Psychologists of the humanistic approach emphasize peoples’ end or completion. They propose theories aimed at expressing an unfolding synthesis inherent in the psyche, an inward design not necessarily governed by conscious purposes. Each individual is a pregnancy, a carrier of meaning; there is a sense to life.

Psychologists of the humanistic approach, while not necessarily rejecting the value of reductionism entirely, are inclined to underscore where people are going, rather than how they got where they are; thus, they assume the opposite of reduction; namely, synthesis, combining separate elements to form a coherent whole.

This forward movement in thinking is called teleology, from the Greek telos meaning ‘end,’ ‘completion’ ‘goal’ or ‘finality.’ Humanists argue in various ways that the psyche is inherently anticipatory; people are not complete as they are, but have yet to overcome themselves as Nietzsche said. Modern humanists therefore emphasize purpose or aim, which orients to the future rather than to origins; in other words, there is ‘meaning’ for people to uncover in their lives, a becoming rather than an elementary, general, historical atomism.

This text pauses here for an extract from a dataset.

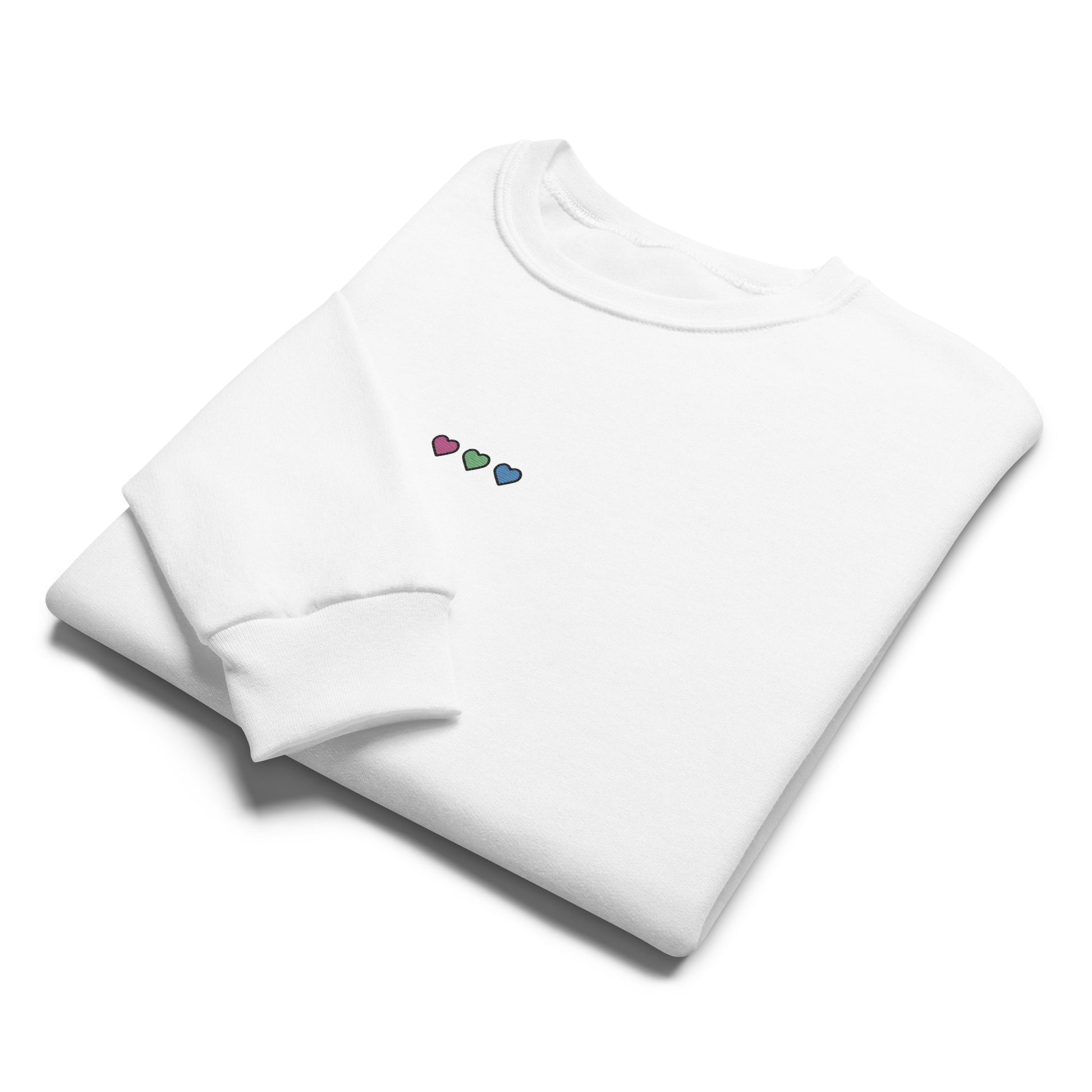 Bright, comfy, and full of pride. This soft crewneck features a small row of embroidered hearts in the pink, green, and blue stripes of the polysexual pride flag — a subtle yet vibrant nod to love and identity.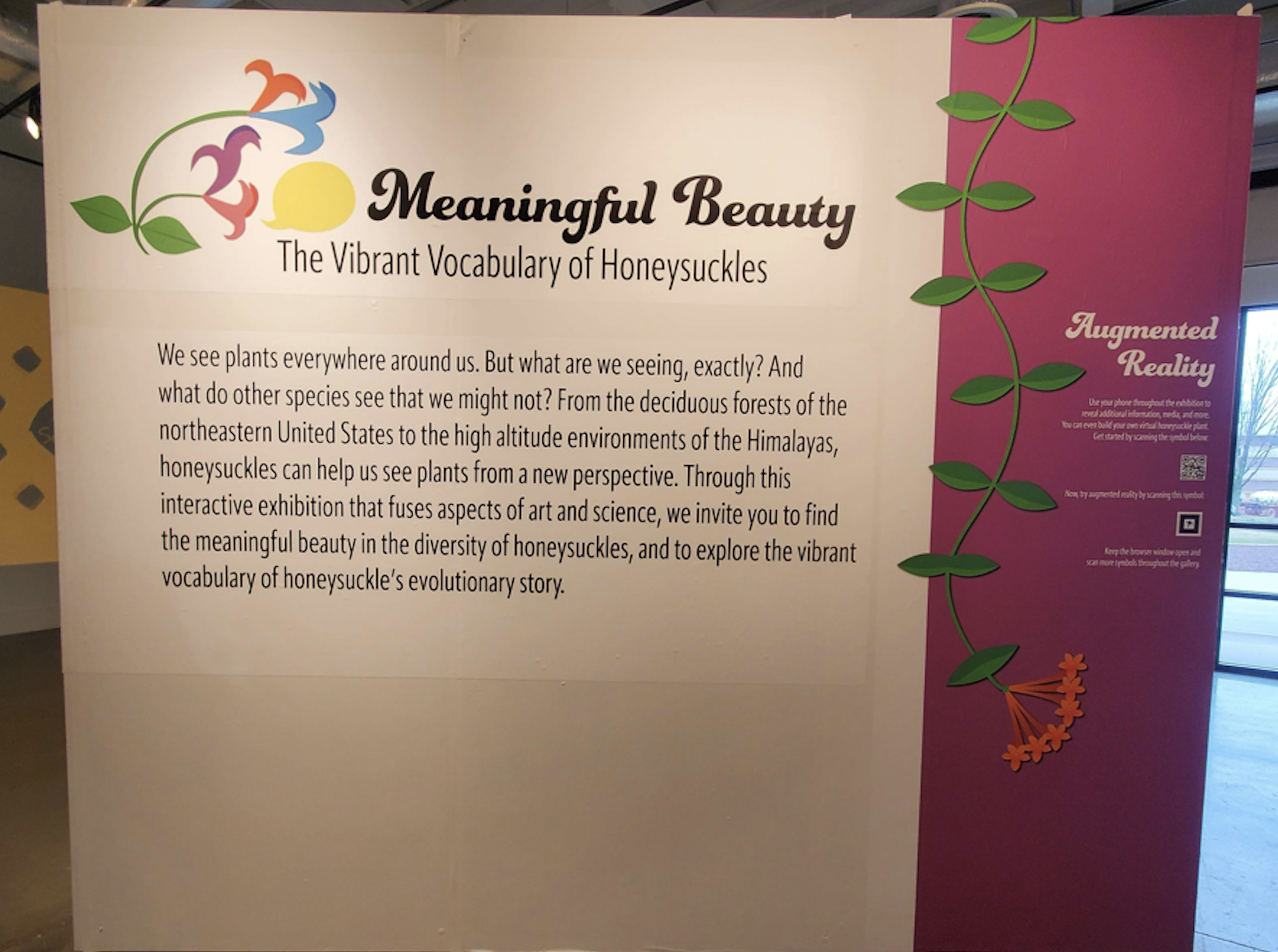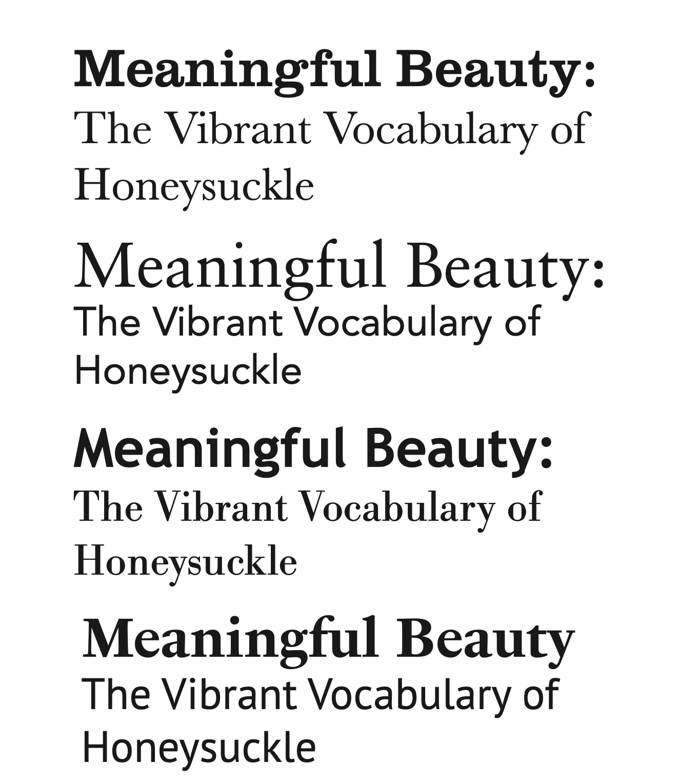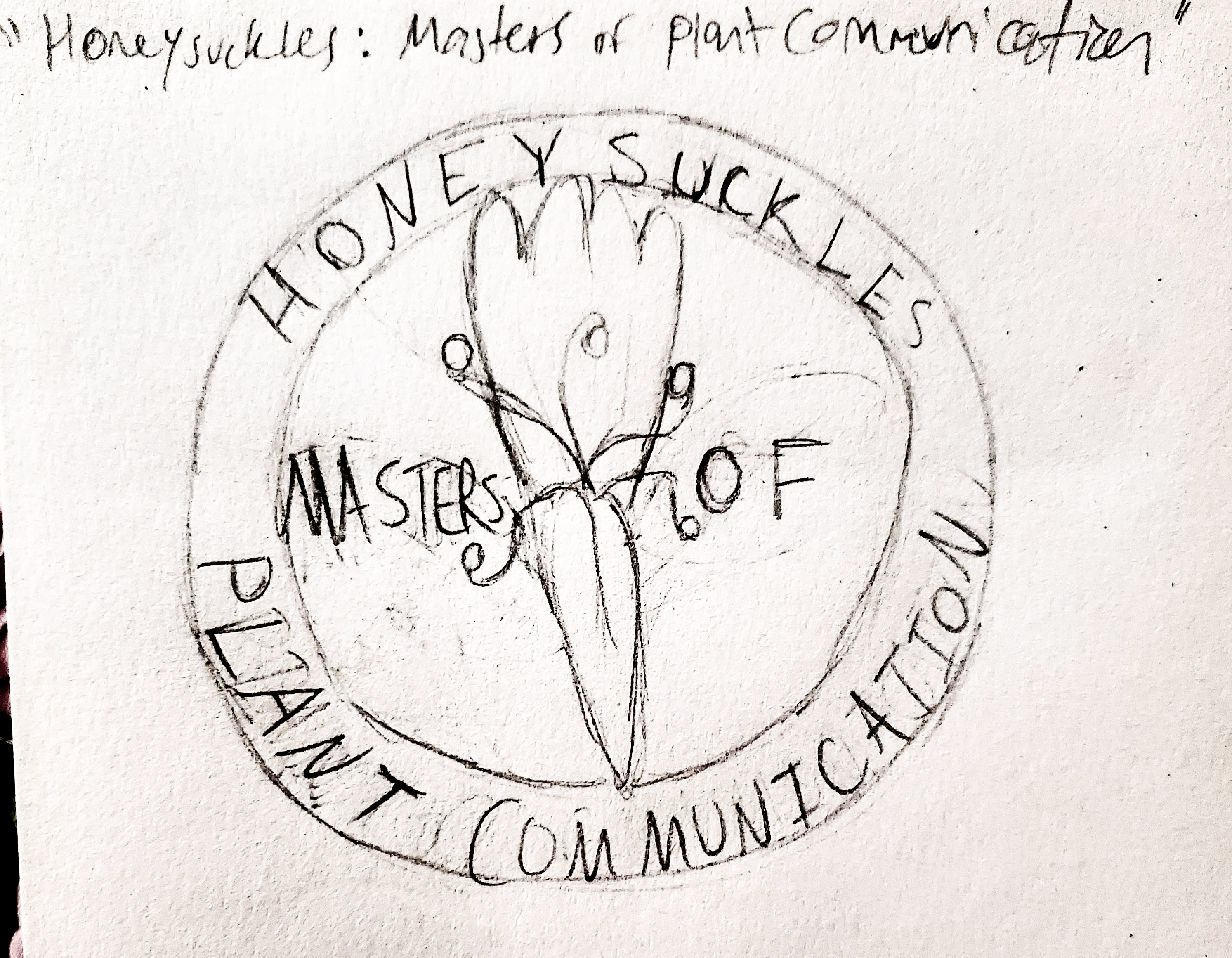 After this point the exhibit finally had an established name: "Meaningful Beauty: The Vibrant Vocabulary Of Honeysuckles". With the name established my sketches from here on out focused more on the logomark. I did sketches of many different honeysuckles, some were in a more simple minimal style but it seemed too stiff to give off the fun tone we were going for. I was given feedback and from that I started to experiement with the different ways a speech bubble could be incorporated into the logomark.

Thus humanistic psychology tends to emphasize the individual, for only the whole person, they say, can be the carrier of a purpose, aim or meaning. Reductionists often point to the vague and untestable character of humanist thought, but by analogy with human reproduction, a prospective psyche is as yet unformed and cannot be concretely outlined in advance. At best, the psyche’s possibilities can only be intuited or attested to symbolically; that is, by an approximate formulation which represents only a presentiment of a state not yet known.

There is also a substantial library of European psychology in the background of humanistic psychology, much of it expressed in the work of existentialist writers. The orientation might be expressive for highly intuitive temperaments.